Step 1. Get a pair of latex gloves from Dollar Tree or similar source. I got these from a gas station, they were a bit more expensive but a little bit better quality than the dollar tree version. Paint them green. In this case, it was free paint that I got from Ace last April when they were giving away one free pint every weekened. 









Step 2. Pour white glue in random locations along the back of the hand, then cover the glue with shredded moss. I used a combination of Dollar Tree reindeer moss, floral moss and italian moss. I ultimately prefered the reindeer moss, but the floral moss works well too.










Step 3. Once the glue is dry, shake off the excess moss










Step 4. Repeat steps 2-3 on both gloves until you're happy with the final coverage. also add moss to the back of the thumb and front forearm.

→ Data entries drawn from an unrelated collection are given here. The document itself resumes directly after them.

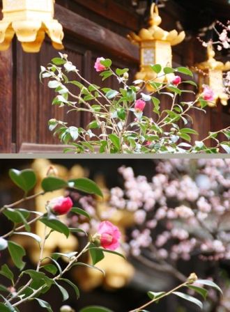 燈籠を借景に椿を撮ってみました。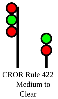 | 422 | Medium to Clear | Proceed, MEDIUM speed passing signal and through turnouts. | ![]() |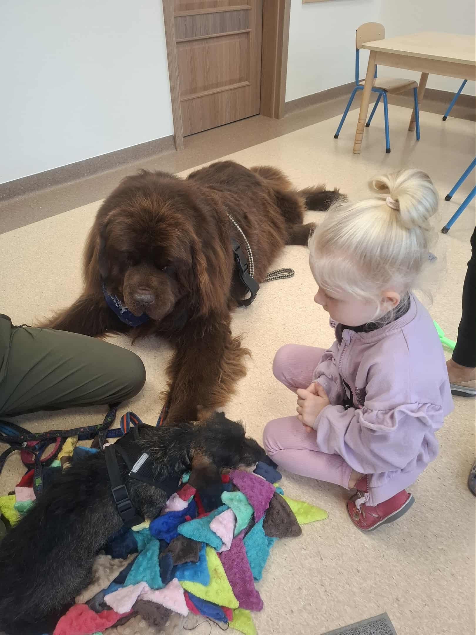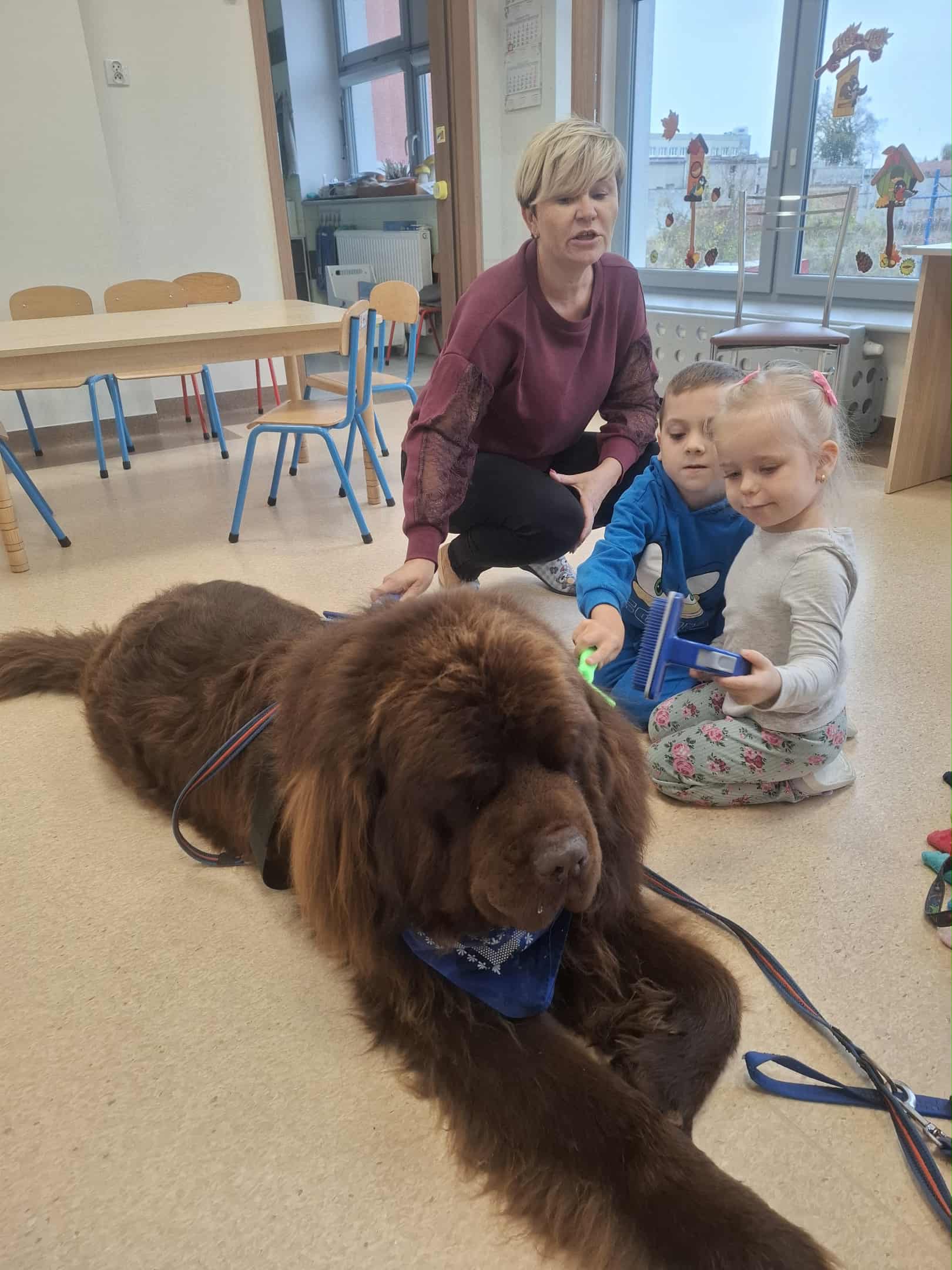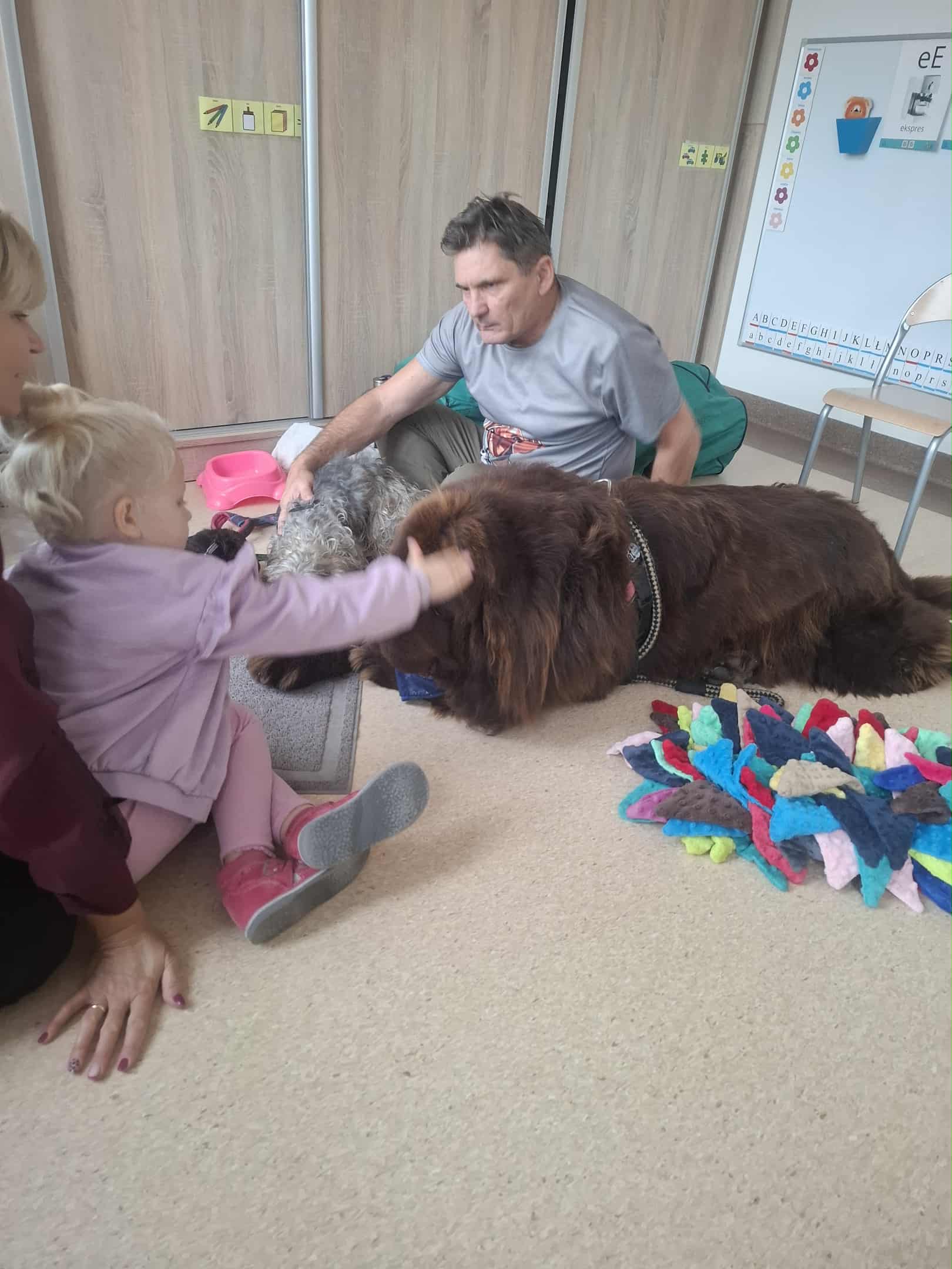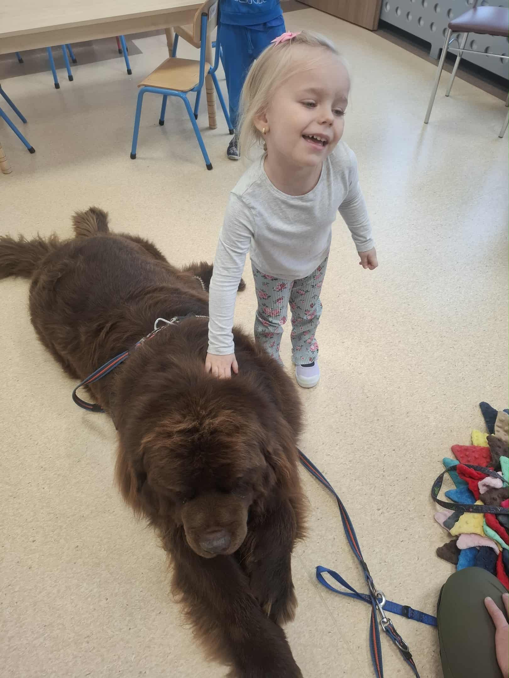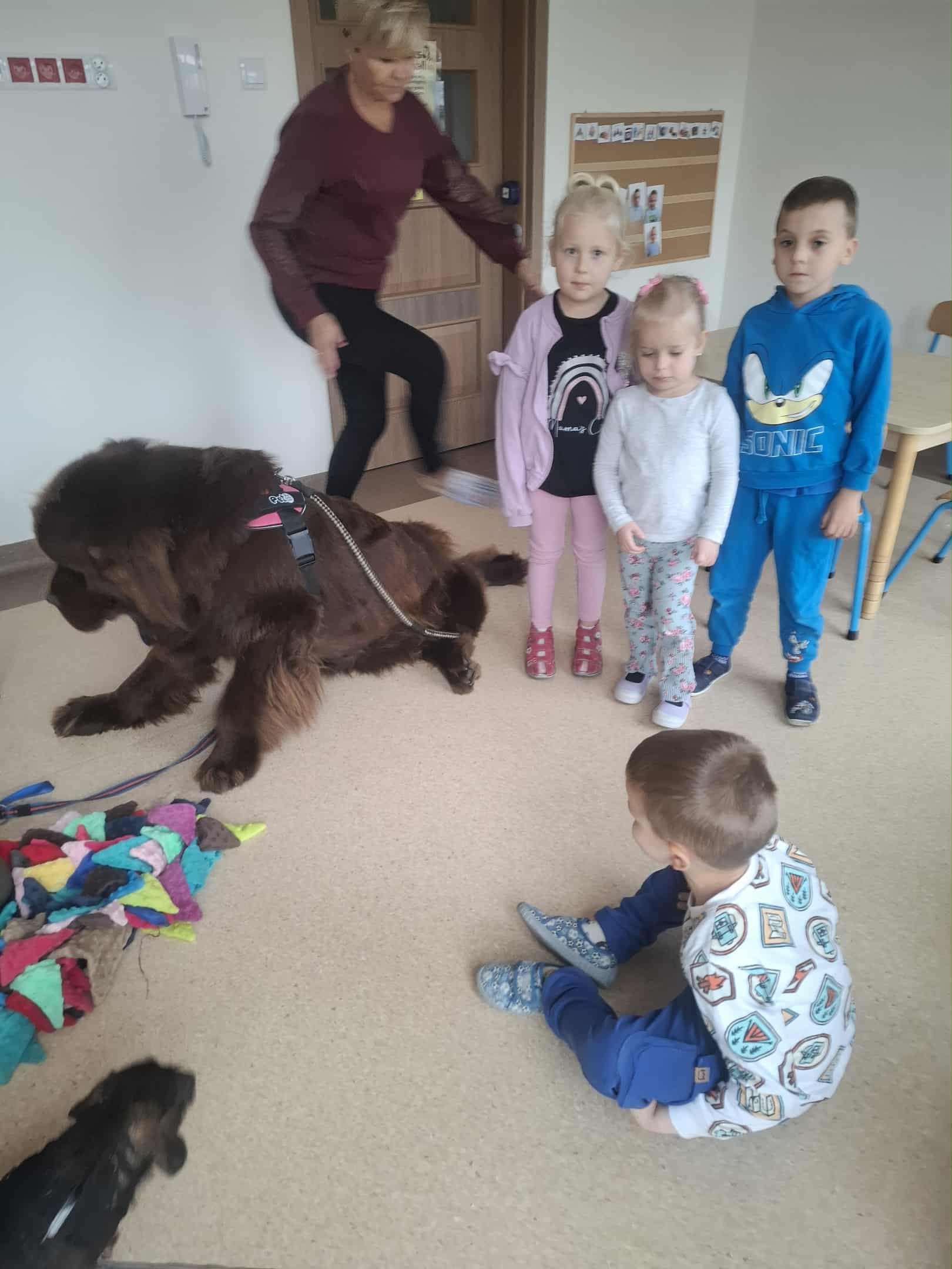 Dziś naszą grupę odwiedziły pieski – Beza, Henryk i Bruno! Dzieci z ogromnym zainteresowaniem przyglądały się czworonogom, obserwując ich zachowanie, sposób poruszania się i reakcje. Mogły je pogłaskać, uczesać oraz spędzić z nimi miło i spokojnie czas.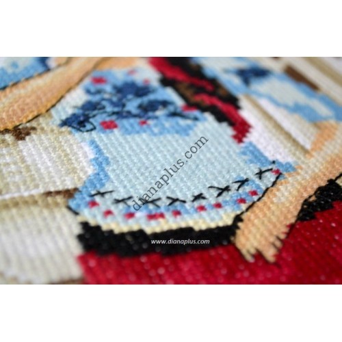 До набору входять: кольоровий зразок картини, схема (чорно-біла з символами), канва 55 стібків на 10..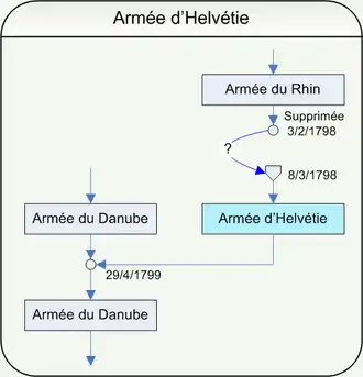 The Army of Helvetia, or (French: Armée d'Helvétie), was a command of the French Revolutionary Army. It was formed on 8 March 1798 from the remnants of the first unit to be known as the Army of the Rhine. It was officially merged into the command structure of the Army of the Danube on 29 April 1799, although it continued to operate in the Swiss theater until 1801. The Army's initial campaigning in the old Swiss Confederation resulted in severe setbacks and defeats at Feldkirch, Lusiensteig, and Zurich.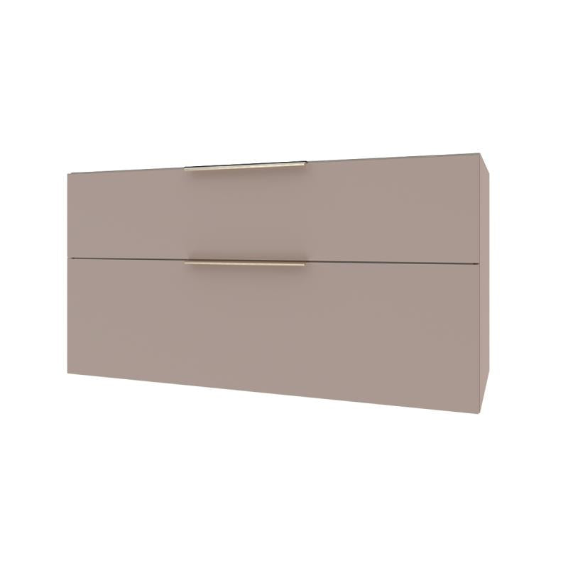 Servantskap med to skuffer, i høyde 60cm. Med utsparing for dobbel servant. Inkludert antisklimatter og grep i børstet messing.

Step 5. Strip a Dollar Tree vine of its leaves. They slide right off the stem. Cut the vine up into pieces slightly longer than the gloves and hot glue them in random patterns, perhaps adding a few forks. Paint over the hot glue with a paint that matches the vines. Then hot glue a few of leaves you stripped to some of the vines. For the finished result.


----------



## dudeamis (Oct 16, 2011)

Here they are in action, sorry only one glove, gf is at work.


----------



## nimblemonkey (Aug 21, 2011)

good idea! I've been mulling over a swamp thing costume for 2013....


----------



## dudeamis (Oct 16, 2011)

nimblemonkey said:


> good idea! I've been mulling over a swamp thing costume for 2013....


it was a pic of Swamp Thing from the movie that inspired this version.


----------